DATA RECORDS >>
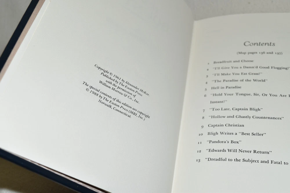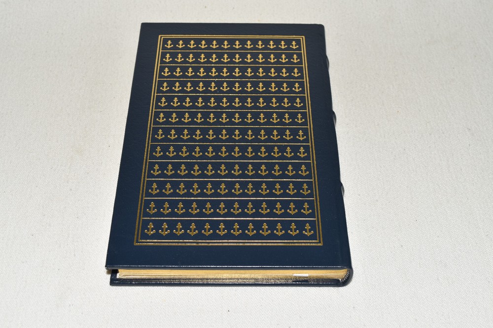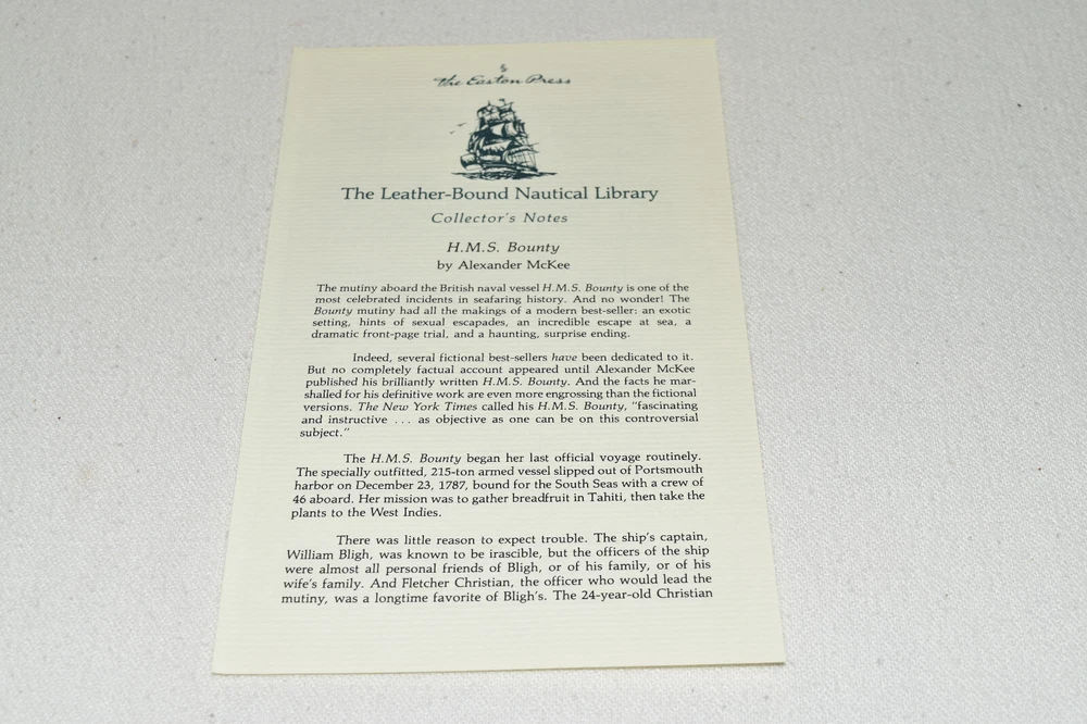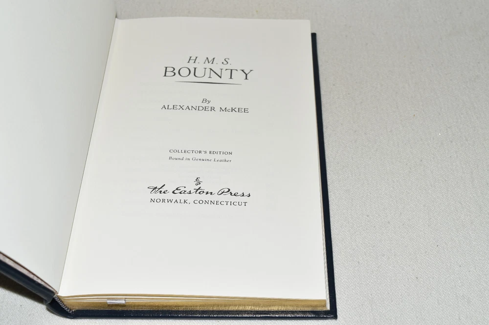 From the Easton Press Nautical Library... H. M. S. Bounty by Alexander McKee Collector's Edition Copyright 1988 by The Easton Press Bound in Premium Full Leather This volume contains all of the classic Easton Press trimmings: Premium Leather Decorated Endleaves Distinctive Cover Design Hubbed Spine, Accented in Real 22KT Gold Satin Ribbon Page Marker Gilded Page Edges Long-lasting, High Quality Acid-neutral Paper Smyth-sewn Pages for Strength and Durability Beautiful Illustrations A very scarce title in any condition, this Easton Press Edition is in Fine condition. The front and back covers are both in terrific condition and the gilded page edges show hardly any wear (see pictures of all sides of gilt). There is light residue on the second page. This book is part of the Nautical Library published by Easton Press. It comes complete with Collector's Notes and would be a beautiful addition to your Easton Press collection. Please Email Me With Any Questions You Might Have! Shipping Info: Buyer to Pay Shipping and Handling International Bidders Pay Extra Shipping Seller Not Responsible For Uninsured Items Lost or Damaged in Mail Forms of Payment Accepted: Paypal Good luck and happy bidding! Powered by eBay Turbo Lister The free listing tool. List your items fast and easy and manage your active items.
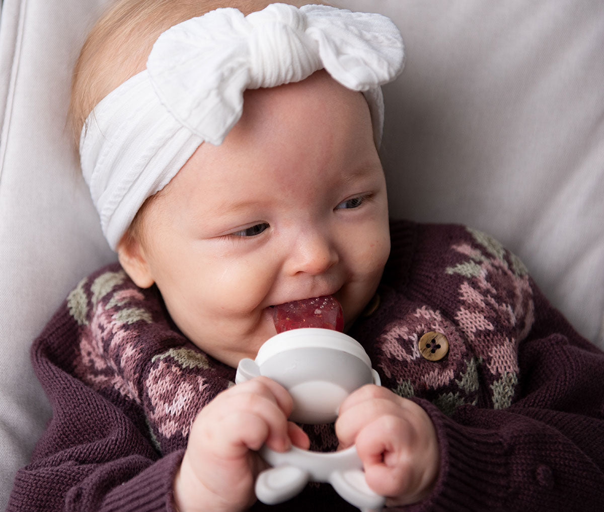Il succhietto può essere utilizzato con alimenti freddi o congelati, offrendo sollievo alle gengive irritate durante la fase di dentizione.
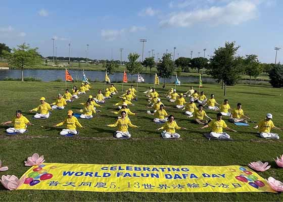 五月八日,美国德州达拉斯-沃斯堡地区的法轮功学员在布兰诺市(的 Russell Creek公园集体炼功,庆祝法轮大法弘传三十周年。
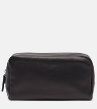A deep affection for refined and timeless fashion influences The Row's dedication to craftsmanship and quality. This pouch is a compact style made in Italy from black leather with silver-toned hardware. Product Details - Material: calf leather - Lining: lamb leather - Made in Italy - Color: black - Designer color name: Black Ans - Item color: black - Internal details: single compartment - Closure: zipped top - Item number: P01114999 Size & Fit - Height 10,5cm-4" - Width 19cm-7.5" - Depth 5cm-2"
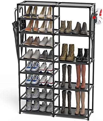 • Tall Garage Shoe Rack Large Capacity,Two Rows Versatile Hooks Storage Boot Shelf Black 24-35 Pairs
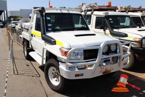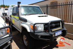 WHITE, 4 X 4, MANUAL, P/S, A/C, V8 DIESEL, REG# 1DGN679 LIC: 28.4.26, ODO# 188,820 KMS SHOWING ON CLOCK, VIN# JTERV71J000003274, ENG# 1VD0072078, SIDE STEPS, BULLBAR, SNORKEL, SIDE LADDER TO ROOF RACK, GME TWO WAY, 2 X REAR MOUNTED SPARE TYRES, REAR WORK AREA - WORK BENCHES
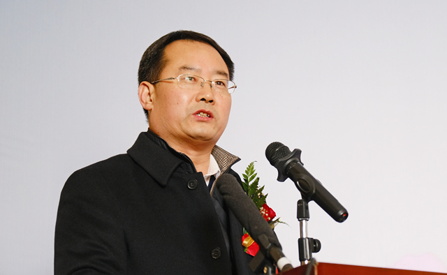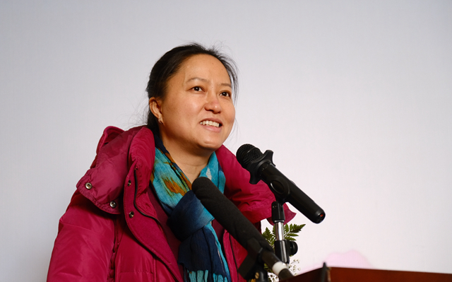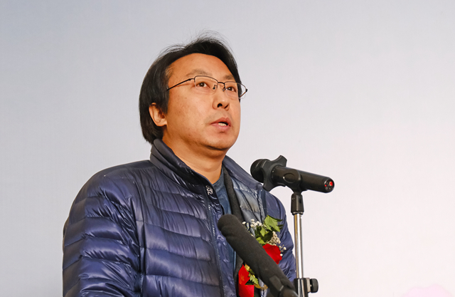 问道青山-赵学伦书画展开幕式现场,北京理工大学人文学院副书记、副院长许欣代表主办方讲话并表示祝贺。

EXERCISE DIRECTIONS >> Now reproduce all of the entries precisely, with no pictures in the copy.

EXPECTED ANSWER >>
 From the Easton Press Nautical Library... H. M. S. Bounty by Alexander McKee Collector's Edition Copyright 1988 by The Easton Press Bound in Premium Full Leather This volume contains all of the classic Easton Press trimmings: Premium Leather Decorated Endleaves Distinctive Cover Design Hubbed Spine, Accented in Real 22KT Gold Satin Ribbon Page Marker Gilded Page Edges Long-lasting, High Quality Acid-neutral Paper Smyth-sewn Pages for Strength and Durability Beautiful Illustrations A very scarce title in any condition, this Easton Press Edition is in Fine condition. The front and back covers are both in terrific condition and the gilded page edges show hardly any wear (see pictures of all sides of gilt). There is light residue on the second page. This book is part of the Nautical Library published by Easton Press. It comes complete with Collector's Notes and would be a beautiful addition to your Easton Press collection. Please Email Me With Any Questions You Might Have! Shipping Info: Buyer to Pay Shipping and Handling International Bidders Pay Extra Shipping Seller Not Responsible For Uninsured Items Lost or Damaged in Mail Forms of Payment Accepted: Paypal Good luck and happy bidding! Powered by eBay Turbo Lister The free listing tool. List your items fast and easy and manage your active items.
Il succhietto può essere utilizzato con alimenti freddi o congelati, offrendo sollievo alle gengive irritate durante la fase di dentizione.
 五月八日,美国德州达拉斯-沃斯堡地区的法轮功学员在布兰诺市(的 Russell Creek公园集体炼功,庆祝法轮大法弘传三十周年。
A deep affection for refined and timeless fashion influences The Row's dedication to craftsmanship and quality. This pouch is a compact style made in Italy from black leather with silver-toned hardware. Product Details - Material: calf leather - Lining: lamb leather - Made in Italy - Color: black - Designer color name: Black Ans - Item color: black - Internal details: single compartment - Closure: zipped top - Item number: P01114999 Size & Fit - Height 10,5cm-4" - Width 19cm-7.5" - Depth 5cm-2"
 • Tall Garage Shoe Rack Large Capacity,Two Rows Versatile Hooks Storage Boot Shelf Black 24-35 Pairs
 WHITE, 4 X 4, MANUAL, P/S, A/C, V8 DIESEL, REG# 1DGN679 LIC: 28.4.26, ODO# 188,820 KMS SHOWING ON CLOCK, VIN# JTERV71J000003274, ENG# 1VD0072078, SIDE STEPS, BULLBAR, SNORKEL, SIDE LADDER TO ROOF RACK, GME TWO WAY, 2 X REAR MOUNTED SPARE TYRES, REAR WORK AREA - WORK BENCHES
 问道青山-赵学伦书画展开幕式现场,北京理工大学人文学院副书记、副院长许欣代表主办方讲话并表示祝贺。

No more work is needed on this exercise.